# [Action item]
All that is wanted is the exact text of the lines below from the one with "Party-Service-Auftragsliste (Liste von" through the one with "Вместительная тумбочка снабжена", inclusive, minus any pictures.

Data to examine START

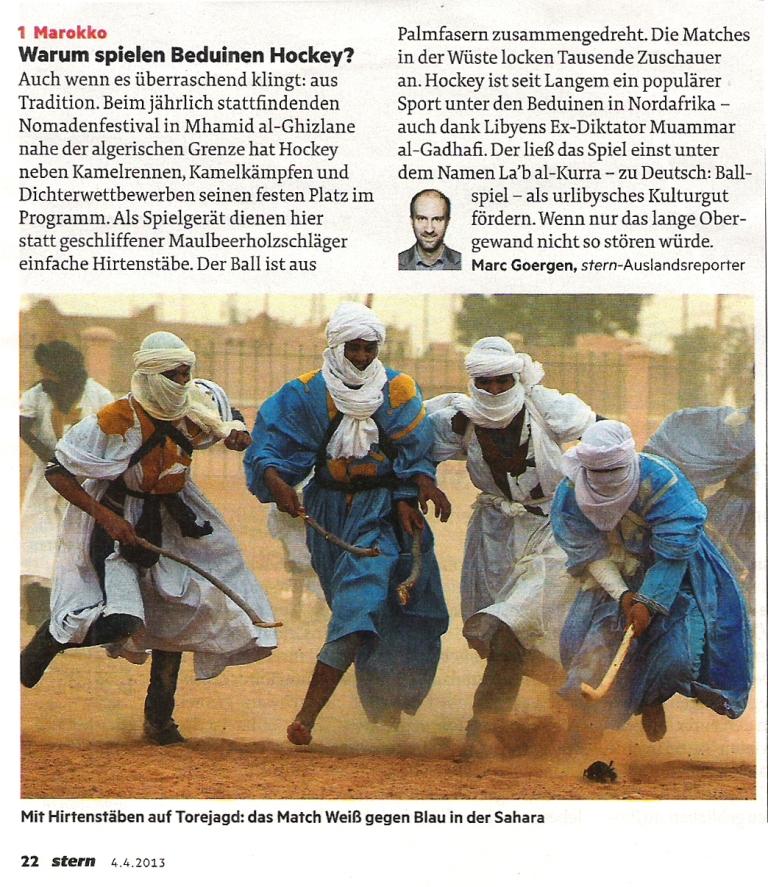 Schon mal etwas von Mhamid al-Ghizlane gehört? Nein? Dem können wir abhelfen. In diesem Ort in Marokko findet alljährlich ein Nomadenfestival statt, bei dem auch Hockey gespielt wird (oder das, was man dort dafür hält):
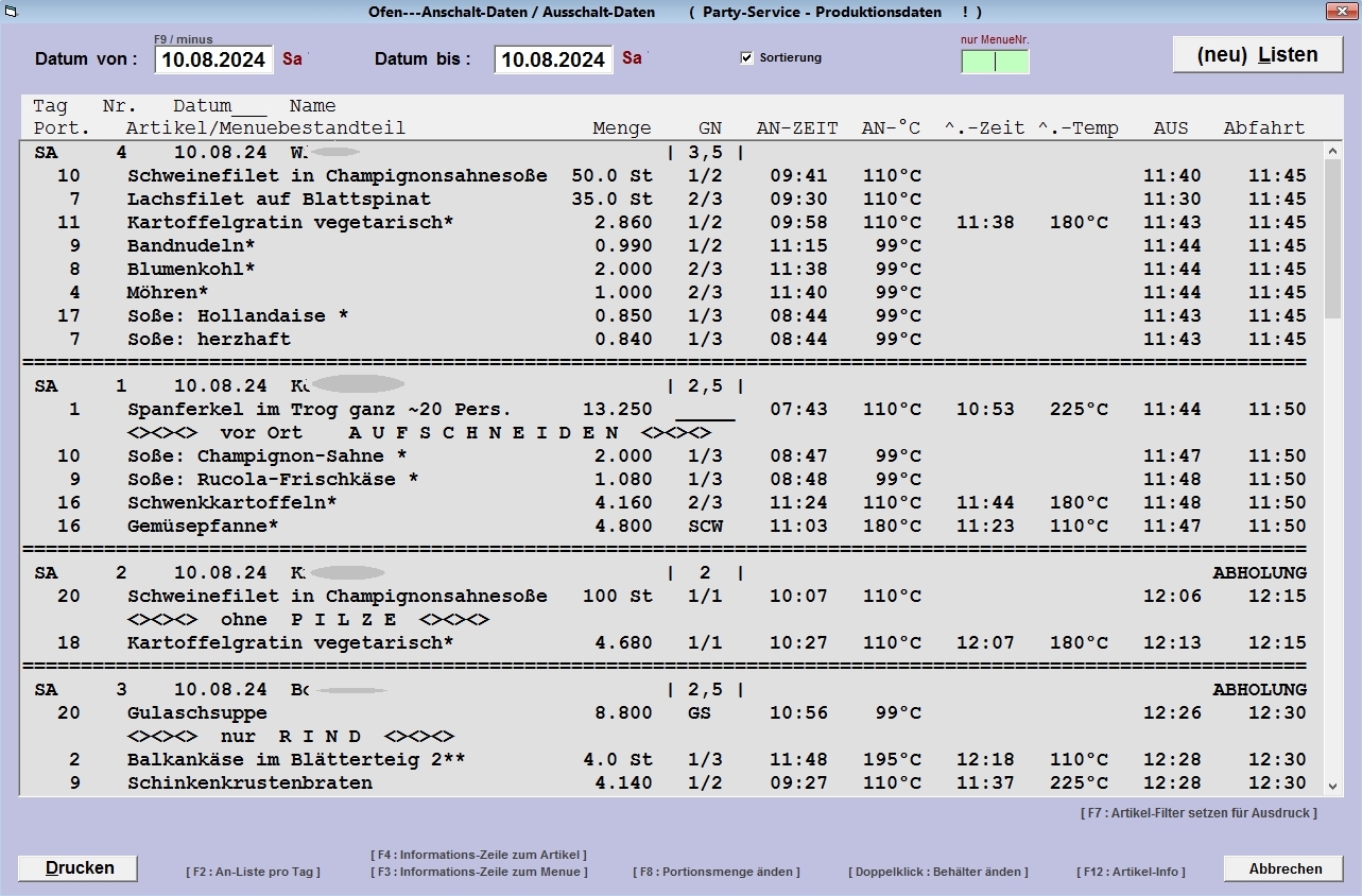 Party-Service-Auftragsliste (Liste von allen vom aktuellen Datum ab herzustellende Menues mit den relevanten Menue- und Kundendaten.)
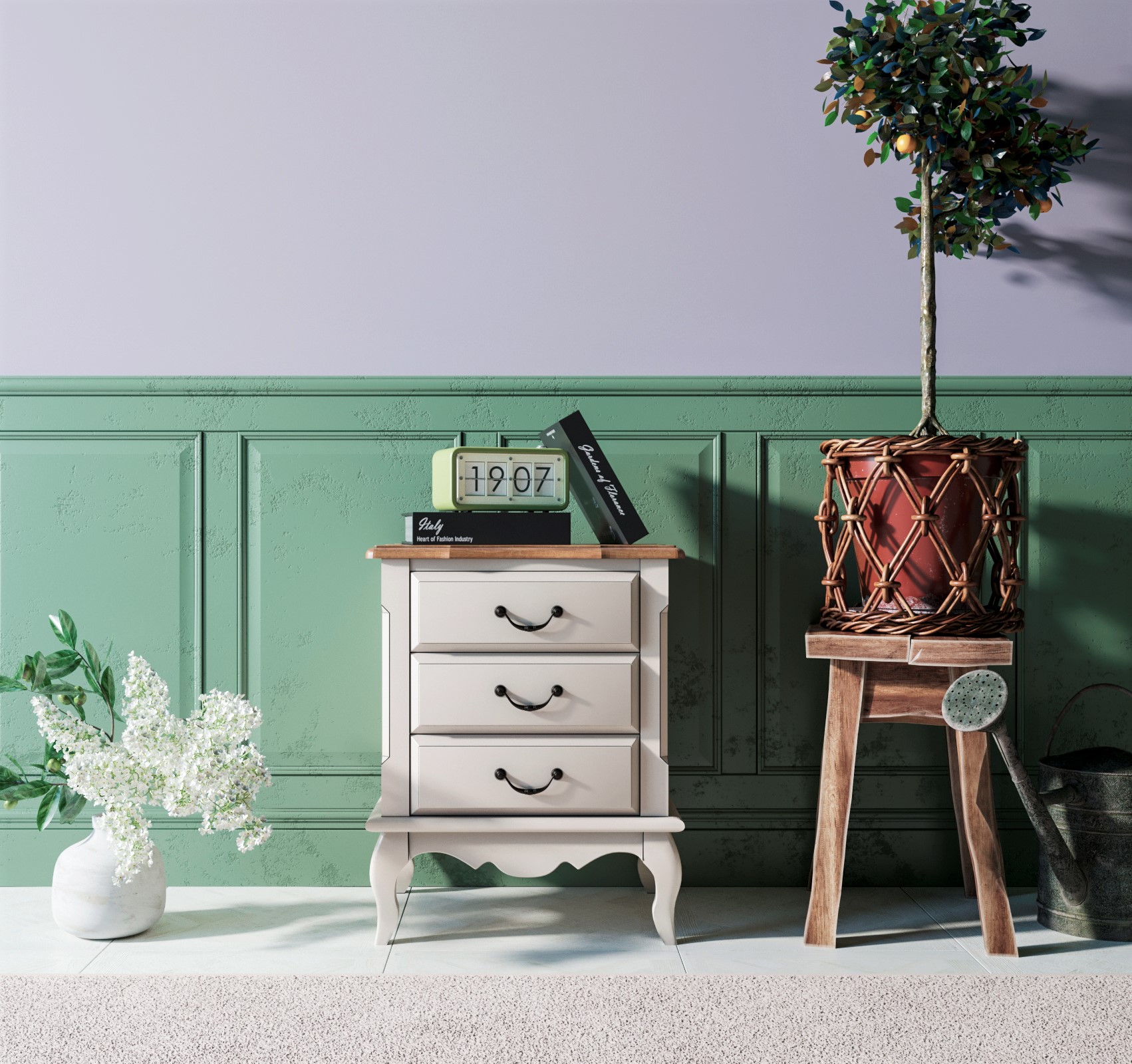 Вместительная тумбочка снабжена тремя выдвижными ящиками. Компактные размеры 45*37 позволят не расходовать много места рядом с кроватью, но при этом, хранить нужные вещицы или предметы на расстоянии вытянутой руки. Тумба выполнена в стиле Прованс. Изящные гнутые ножки, элегантные формы, кованая фурнитура - все это неотъемлемые атрибуты этого французского стиля. Данный стиль отлично впишется в спальню или прихожую, добавив легкости и романтичности интерьеру.
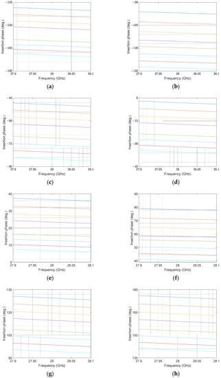 Simulated phase shifter in all 64 phase states for 6-bit phase shifters, corresponding to phase shift of: (a) −180°–−135° (b) −135°–−90° (c) −90°–−45° (d) −45°–0° (e) 0°–40° (f) 40°–90° (g) 90°–135° (h) 135°–180°. Different colors in each figure correspond to 8 different phase levels.
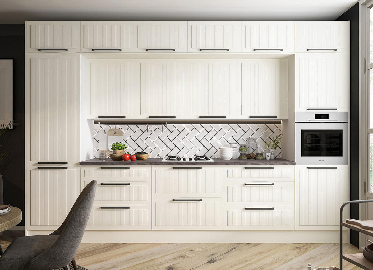 - Fronten mit dekorativen Leistenoptik und hochwertig matt lackiert
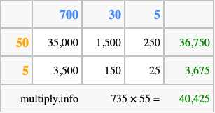 That's all there is to it! As you can see from the box above, the answer to 735 times 55 using the box method is 40,425.
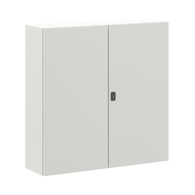 Навесные корпуса серии STE предназначены для систем автоматизации и распределения электроэнергии. Корпус, дверь, фланец серии STE изготавливаются из листовой стали толщиной 1,5 мм с атмосферостойким порошковым покрытием, цвет RAL7035. Монтажная плата изготовлена из оцинкованной стали толщиной 2,5 мм. Степень защиты IP55, ударопрочность IK10, сейсмостойкость 9 баллов по шкале MSK-64, климатическое исполнение УХЛ1, ОМ2, ОМ3, группу горючести согласно Г1. Комплект поставки: корпус, двустворчатая дверь, монтажная плата с двунаправленной разметкой, дверные рейки, ручка, сплошной фланец для ввода кабеля 2 шт., комплект заземления с проводами заземления. Габариты 1000x1000x300 (ШхВхГ) мм.

Data to examine END

# [Answer to this task]
 Party-Service-Auftragsliste (Liste von allen vom aktuellen Datum ab herzustellende Menues mit den relevanten Menue- und Kundendaten.)
 Вместительная тумбочка снабжена тремя выдвижными ящиками. Компактные размеры 45*37 позволят не расходовать много места рядом с кроватью, но при этом, хранить нужные вещицы или предметы на расстоянии вытянутой руки. Тумба выполнена в стиле Прованс. Изящные гнутые ножки, элегантные формы, кованая фурнитура - все это неотъемлемые атрибуты этого французского стиля. Данный стиль отлично впишется в спальню или прихожую, добавив легкости и романтичности интерьеру.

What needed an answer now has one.